WORK TO COMPLETE
Could you return the data that follows exactly, minus the images?

DATA PROVIDED
━━━
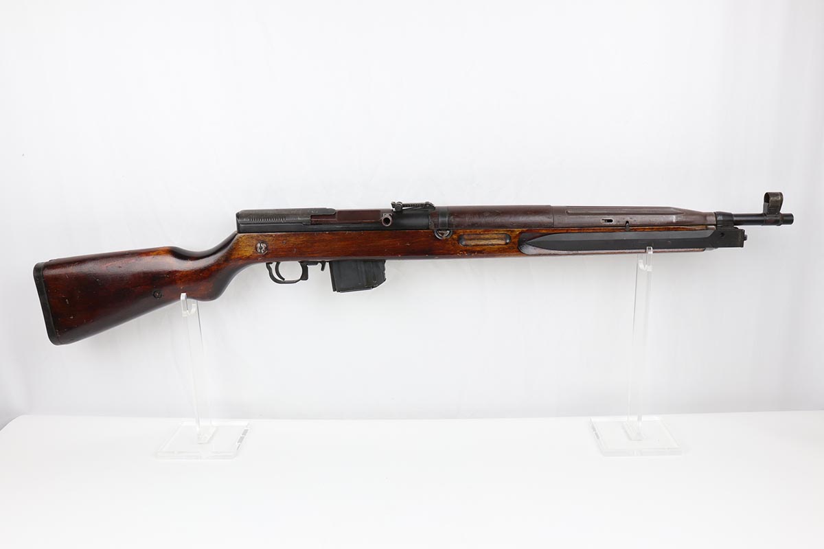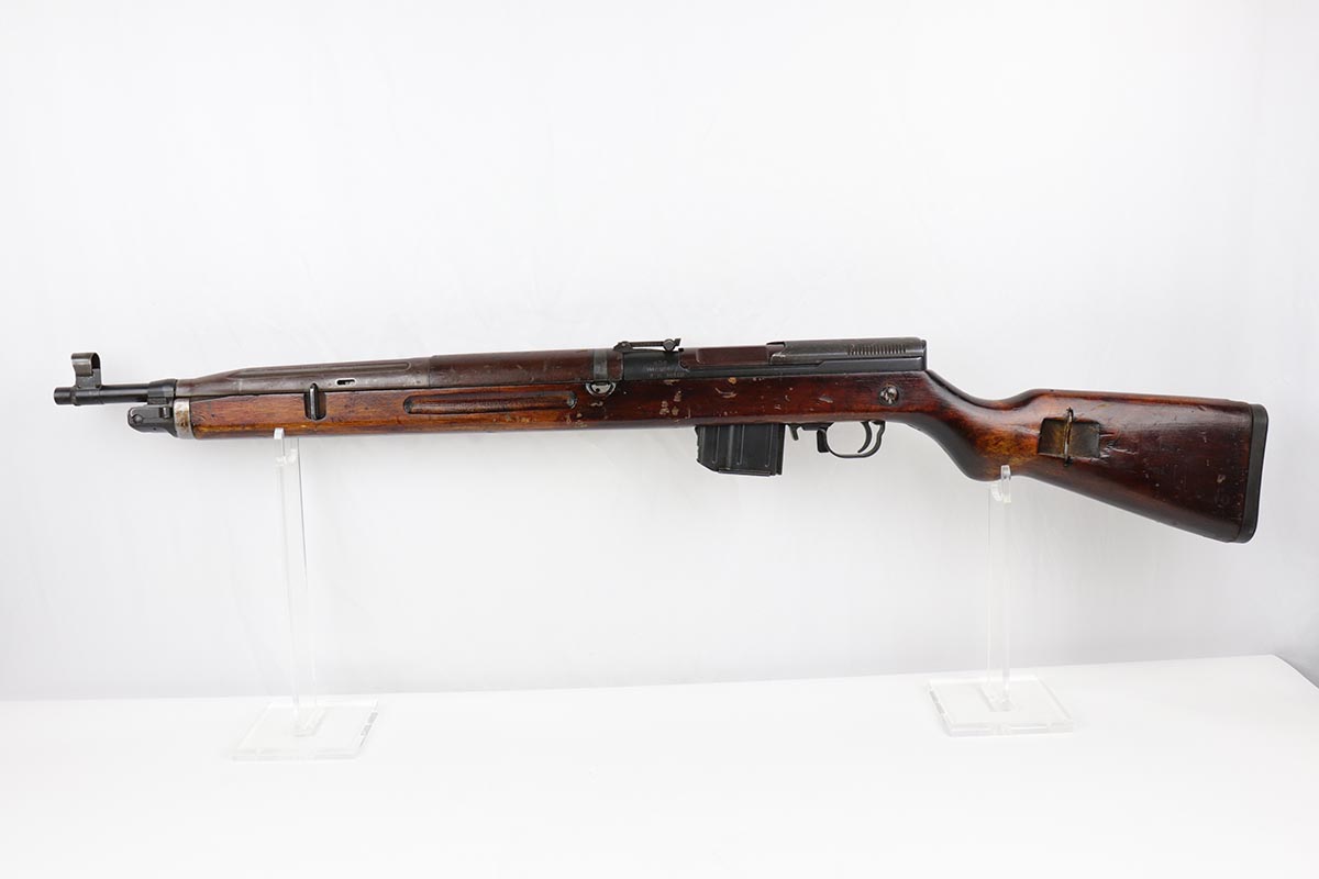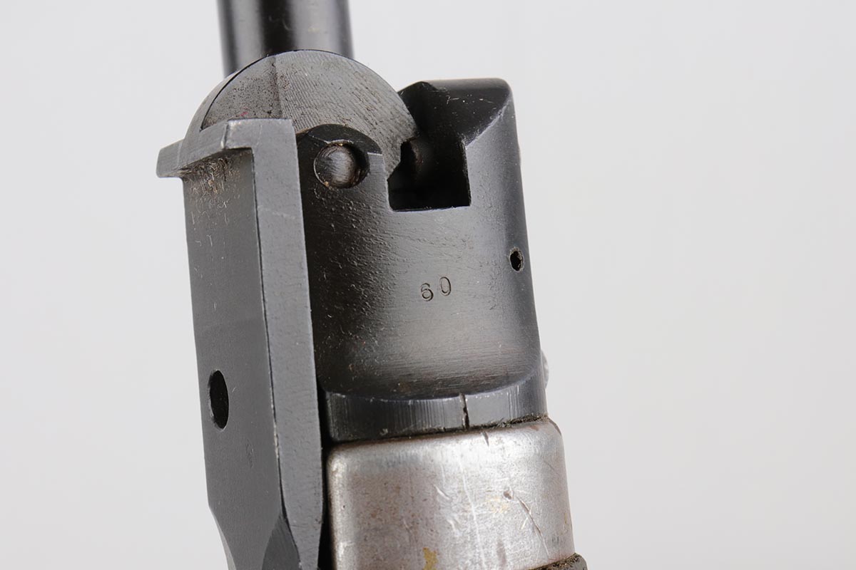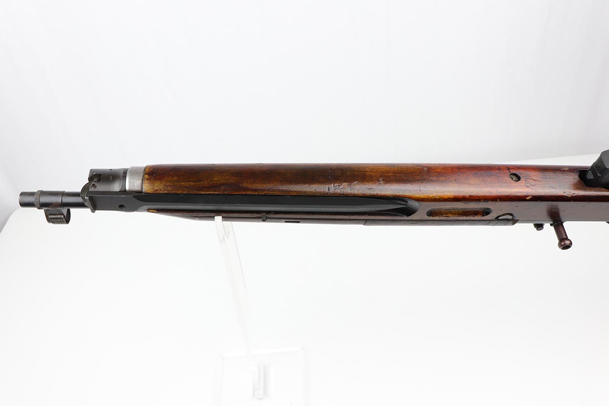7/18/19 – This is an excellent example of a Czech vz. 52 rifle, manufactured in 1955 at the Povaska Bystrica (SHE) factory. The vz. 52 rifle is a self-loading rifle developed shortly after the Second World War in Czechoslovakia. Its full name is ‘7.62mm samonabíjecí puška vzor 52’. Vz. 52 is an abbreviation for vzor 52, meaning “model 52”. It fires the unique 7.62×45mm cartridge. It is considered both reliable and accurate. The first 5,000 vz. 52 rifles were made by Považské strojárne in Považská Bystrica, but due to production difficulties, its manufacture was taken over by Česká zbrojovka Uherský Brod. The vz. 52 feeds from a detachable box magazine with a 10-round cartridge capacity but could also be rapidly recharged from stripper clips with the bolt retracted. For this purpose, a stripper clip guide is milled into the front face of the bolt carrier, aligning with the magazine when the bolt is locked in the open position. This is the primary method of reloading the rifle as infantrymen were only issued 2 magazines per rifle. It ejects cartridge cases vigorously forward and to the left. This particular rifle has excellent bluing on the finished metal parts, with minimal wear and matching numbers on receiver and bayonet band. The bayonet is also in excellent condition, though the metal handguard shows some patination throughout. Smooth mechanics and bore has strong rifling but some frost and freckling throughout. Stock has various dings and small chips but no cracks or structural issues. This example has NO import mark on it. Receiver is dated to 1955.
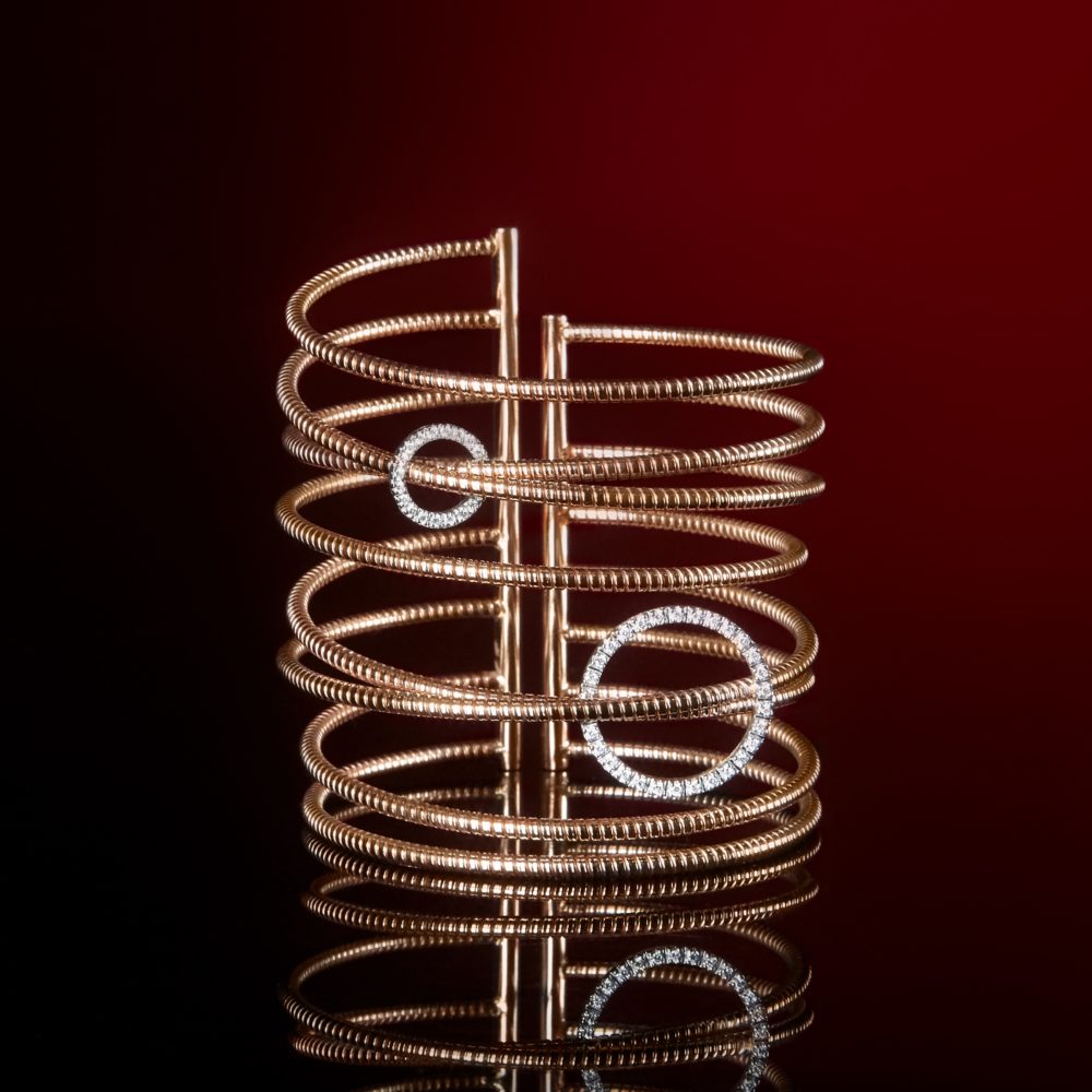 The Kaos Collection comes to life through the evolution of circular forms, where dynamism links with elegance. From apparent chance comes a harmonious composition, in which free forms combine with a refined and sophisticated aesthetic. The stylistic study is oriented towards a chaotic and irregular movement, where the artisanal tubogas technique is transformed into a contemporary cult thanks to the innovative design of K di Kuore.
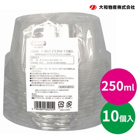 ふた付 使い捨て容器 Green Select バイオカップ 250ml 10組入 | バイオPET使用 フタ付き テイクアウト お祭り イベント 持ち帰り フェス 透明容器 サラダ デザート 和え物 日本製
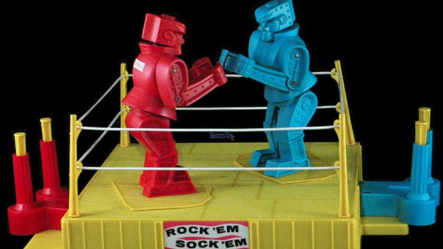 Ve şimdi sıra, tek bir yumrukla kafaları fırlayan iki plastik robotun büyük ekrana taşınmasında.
━━━
EXERCISE RESPONSE
7/18/19 – This is an excellent example of a Czech vz. 52 rifle, manufactured in 1955 at the Povaska Bystrica (SHE) factory. The vz. 52 rifle is a self-loading rifle developed shortly after the Second World War in Czechoslovakia. Its full name is ‘7.62mm samonabíjecí puška vzor 52’. Vz. 52 is an abbreviation for vzor 52, meaning “model 52”. It fires the unique 7.62×45mm cartridge. It is considered both reliable and accurate. The first 5,000 vz. 52 rifles were made by Považské strojárne in Považská Bystrica, but due to production difficulties, its manufacture was taken over by Česká zbrojovka Uherský Brod. The vz. 52 feeds from a detachable box magazine with a 10-round cartridge capacity but could also be rapidly recharged from stripper clips with the bolt retracted. For this purpose, a stripper clip guide is milled into the front face of the bolt carrier, aligning with the magazine when the bolt is locked in the open position. This is the primary method of reloading the rifle as infantrymen were only issued 2 magazines per rifle. It ejects cartridge cases vigorously forward and to the left. This particular rifle has excellent bluing on the finished metal parts, with minimal wear and matching numbers on receiver and bayonet band. The bayonet is also in excellent condition, though the metal handguard shows some patination throughout. Smooth mechanics and bore has strong rifling but some frost and freckling throughout. Stock has various dings and small chips but no cracks or structural issues. This example has NO import mark on it. Receiver is dated to 1955.
 The Kaos Collection comes to life through the evolution of circular forms, where dynamism links with elegance. From apparent chance comes a harmonious composition, in which free forms combine with a refined and sophisticated aesthetic. The stylistic study is oriented towards a chaotic and irregular movement, where the artisanal tubogas technique is transformed into a contemporary cult thanks to the innovative design of K di Kuore.
 ふた付 使い捨て容器 Green Select バイオカップ 250ml 10組入 | バイオPET使用 フタ付き テイクアウト お祭り イベント 持ち帰り フェス 透明容器 サラダ デザート 和え物 日本製
 Ve şimdi sıra, tek bir yumrukla kafaları fırlayan iki plastik robotun büyük ekrana taşınmasında.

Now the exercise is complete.